Python Dynamic Charts Creation Guide

In Python, various libraries can be used to create interactive data plots, with the most popular ones being Matplotlib and Plotly. Here is a simple example of creating dynamic data plots using these two libraries.

Create dynamic data plots using Matplotlib.
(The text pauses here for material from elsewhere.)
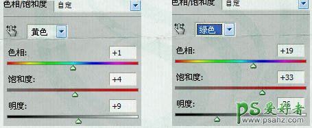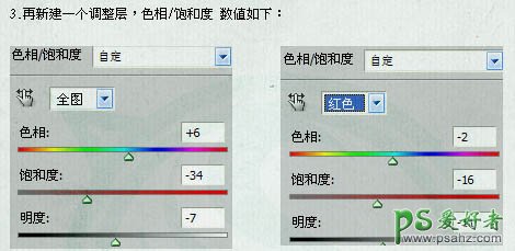 3、创建色相/饱和度调整图层,对个通道进行调整,参数设置如下图。

import matplotlib.pyplot as plt
import numpy as np

# 创建动态图的数据
x = np.linspace(0, 10, 100)
y = np.sin(x)

# 创建图像和轴对象
fig, ax = plt.subplots()
line, = ax.plot(x, y)

# 更新数据函数
def update(i):
    line.set_ydata(np.sin(x + i/10))
    return line,

# 创建动画
ani = FuncAnimation(fig, update, frames=np.arange(0, 10, 0.1), interval=200)

# 显示动画
plt.show()

Create dynamic data plots using Plotly.

import plotly.graph_objects as go
import numpy as np

# 创建动态图的数据
x = np.linspace(0, 10, 100)
y = np.sin(x)

# 创建图像和追踪对象
fig = go.Figure(data=go.Scatter(x=x, y=y))
fig.update_layout(title="Dynamic Data", xaxis_title="x", yaxis_title="y")

# 更新数据函数
def update(i):
    fig.data[0].y = np.sin(x + i/10)

# 创建动画
fig.frames = [go.Frame(data=go.Scatter(x=x, y=np.sin(x + i/10))) for i in np.arange(0, 10, 0.1)]
fig.layout.updatemenus = [dict(type="buttons", buttons=[dict(label="Play", method="animate",
                                                             args=[None, {"frame": {"duration": 200, "redraw": False},
                                                                           "fromcurrent": True, "transition": {"duration": 0}}])])]
# 显示动画
fig.show()

These examples demonstrate how to create dynamic data graphs using Matplotlib and Plotly. You can customize and expand upon these examples based on your own needs.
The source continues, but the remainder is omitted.